◆ Task to complete: The copy must run from the line containing "在学术主场,团队全体教师及在" through the final line of the records, both included, exactly as written. It should contain no pictures.

(Records from a collection)
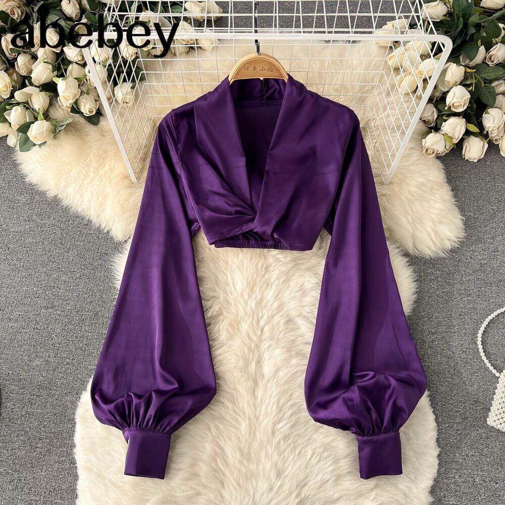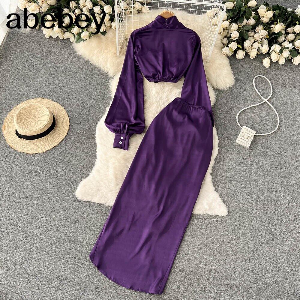 2022 春気質サテンツーピーススーツ長袖ショートトップス + ウエスト不規則なスプリットロングスカートセット女性 スプリング 春物 Abe28676655494
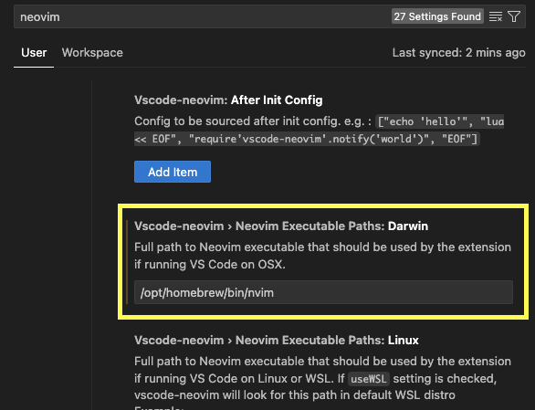 cmd + , 를 통해 Settings를 열고, neovim으로 검색한 후
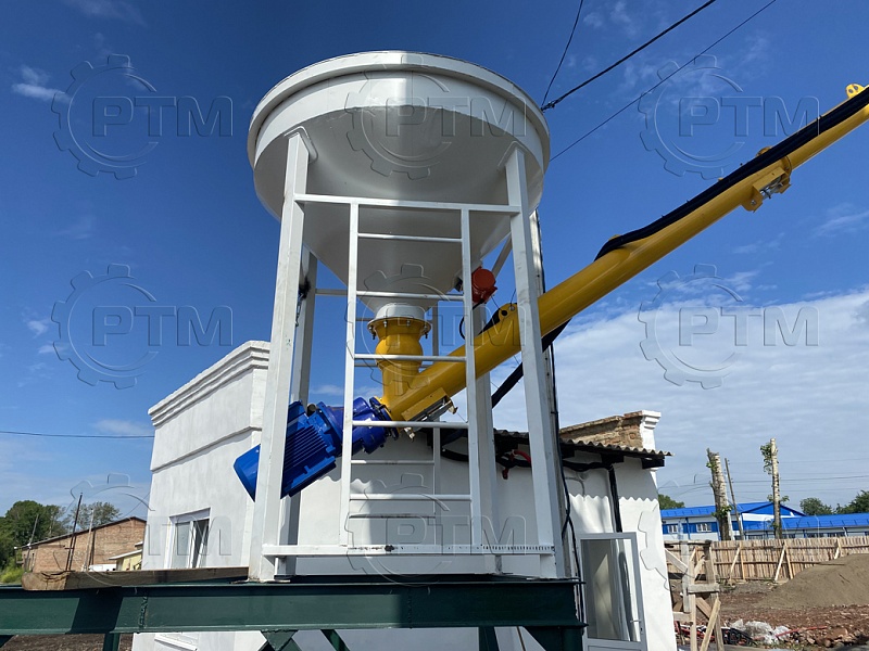 5.     Склад цемента и подача в блок дозаторов. При необходимости завод комплектуется складом цемента (силосом или растаривателем биг бэгов). Силос или растариватель биг бэгов (опция) необходим для хранения цемента и различных сухих смесей. Транспортировка из силоса происходит с помощью шнекового конвейера. Силос необходимо подбирать из расчета трехдневного запаса цемента.
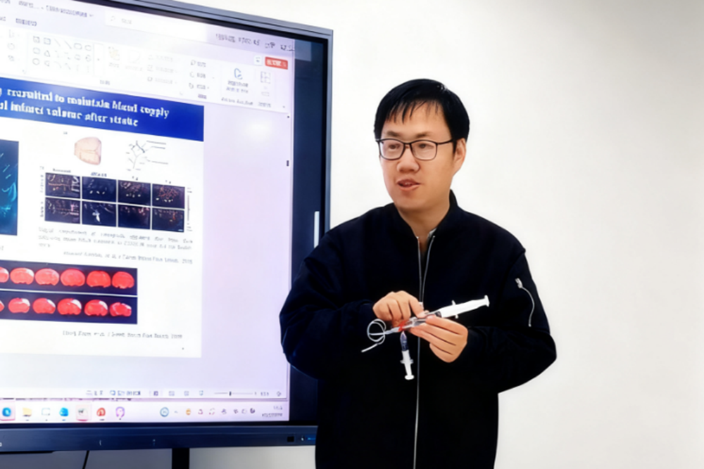 在学术主场,团队全体教师及在校研究生参加活动,达到了聚焦前沿、构筑脑卒中防治的学术基石的目的。团队带头人宋丽娟副教授聚焦学科前沿,以《血管年轻化保卫战》为题,系统地阐述了脑卒中预防的理论框架。她从血管生理功能切入,强调血管作为“生命线”的重要性,引用“一个人的动脉有多老,他就有多老”,阐释了血管健康与机体衰老的内在关联。她指出,脑卒中预防是“始于血管、涉及全身的系统性保卫战”。基于中西医结合视角,她提出了血管年轻化的战略与战术:战略层面强调“天人合一”的整体观,重视情志、气血与作息规律;战术层面涵盖戒烟限酒、精准饮食、科学运动和多维监测等,并结合中医理论和现代医学机制解析了多种食物的保健作用。团队田昊博士聚焦脑的侧支循环解剖结构与调节机制,通过自制的脑血管侧支循环模拟装置,直观地演示了血流代偿的过程。他指出,侧支循环质量直接关系患者预后,团队研究重点在于评估和激活这条“生命备用通道”。创新的演示引起在场教师和研究生们的热烈反响,大家认为这种直观讲述方式深化了对脑血流代偿机制的理解,对后续科研与临床工作具有重要的启发。
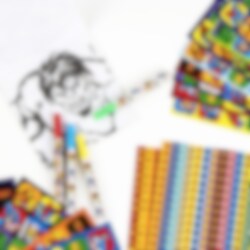 ✔️ Innehåller block, 4 färgpennor och 1000+ stickers
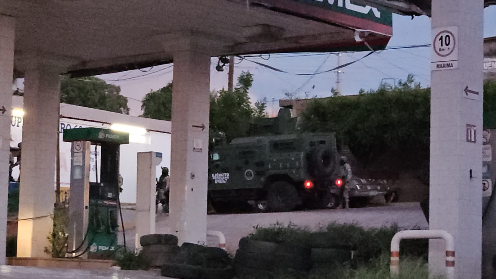 El automóvil quedó detenido junto a una gasolinera en desuso, donde elementos de la Secretaría de la Defensa Nacional (Sedena) acordonaron la escena y aseguraron los indicios del crimen.
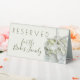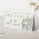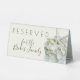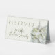 Signes de table réservées pour une réception de mariage. Le design Starfish et hydrangea est blanc avec du texte foncé imprimé et écrit à la main. Inclure à qui la table est réservée pour aider les invités. Tout le texte et la conception seront imprimés sur les deux côtés de ces courtes tentes horizontales en plastique. La palette neutre, sur le thème de la plage, fait partie de la ligne design Seaside Garden.
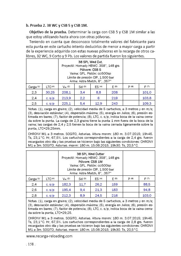 A mi, con 3,4 grains de cbs1m, en vaina 357 y punta wc de 148 grains de plomo, me agrupa de maravilla con mi sw586 de seis pulgadas. Ojo. que esta carga la utilizo en un revolver de 357 magnum, desconozco si un revolver del 38 puede utilizar esta carga aunque imagino que si,seguramente se podría bajar la carga, todo es cuestión de probar.
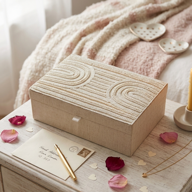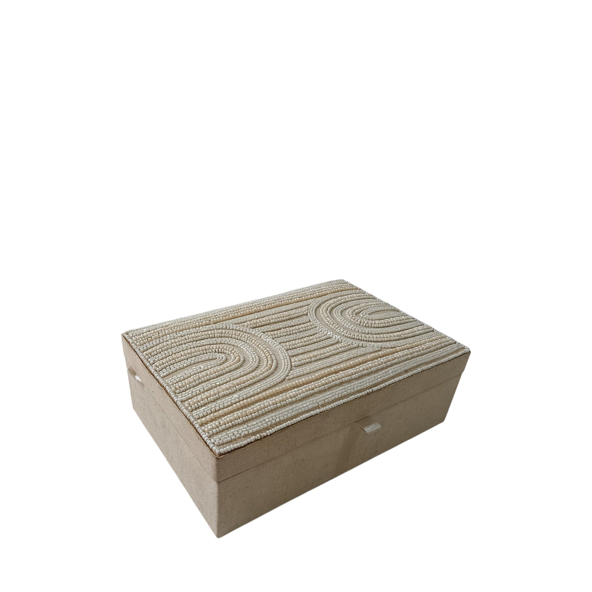 Discover the perfect blend of texture and tradition with our handcrafted beaded jewelry boxes. Each piece features a meticulously hand-applied seed bead pattern on the lid, creating a beautiful 3D effect. The cream-toned glass beads are arranged in sophisticated concentric arcs and linear rows, offering a serene, tactile experience.

◆ Task result:
 在学术主场,团队全体教师及在校研究生参加活动,达到了聚焦前沿、构筑脑卒中防治的学术基石的目的。团队带头人宋丽娟副教授聚焦学科前沿,以《血管年轻化保卫战》为题,系统地阐述了脑卒中预防的理论框架。她从血管生理功能切入,强调血管作为“生命线”的重要性,引用“一个人的动脉有多老,他就有多老”,阐释了血管健康与机体衰老的内在关联。她指出,脑卒中预防是“始于血管、涉及全身的系统性保卫战”。基于中西医结合视角,她提出了血管年轻化的战略与战术:战略层面强调“天人合一”的整体观,重视情志、气血与作息规律;战术层面涵盖戒烟限酒、精准饮食、科学运动和多维监测等,并结合中医理论和现代医学机制解析了多种食物的保健作用。团队田昊博士聚焦脑的侧支循环解剖结构与调节机制,通过自制的脑血管侧支循环模拟装置,直观地演示了血流代偿的过程。他指出,侧支循环质量直接关系患者预后,团队研究重点在于评估和激活这条“生命备用通道”。创新的演示引起在场教师和研究生们的热烈反响,大家认为这种直观讲述方式深化了对脑血流代偿机制的理解,对后续科研与临床工作具有重要的启发。
 ✔️ Innehåller block, 4 färgpennor och 1000+ stickers
 El automóvil quedó detenido junto a una gasolinera en desuso, donde elementos de la Secretaría de la Defensa Nacional (Sedena) acordonaron la escena y aseguraron los indicios del crimen.
 Signes de table réservées pour une réception de mariage. Le design Starfish et hydrangea est blanc avec du texte foncé imprimé et écrit à la main. Inclure à qui la table est réservée pour aider les invités. Tout le texte et la conception seront imprimés sur les deux côtés de ces courtes tentes horizontales en plastique. La palette neutre, sur le thème de la plage, fait partie de la ligne design Seaside Garden.
 A mi, con 3,4 grains de cbs1m, en vaina 357 y punta wc de 148 grains de plomo, me agrupa de maravilla con mi sw586 de seis pulgadas. Ojo. que esta carga la utilizo en un revolver de 357 magnum, desconozco si un revolver del 38 puede utilizar esta carga aunque imagino que si,seguramente se podría bajar la carga, todo es cuestión de probar.
 Discover the perfect blend of texture and tradition with our handcrafted beaded jewelry boxes. Each piece features a meticulously hand-applied seed bead pattern on the lid, creating a beautiful 3D effect. The cream-toned glass beads are arranged in sophisticated concentric arcs and linear rows, offering a serene, tactile experience.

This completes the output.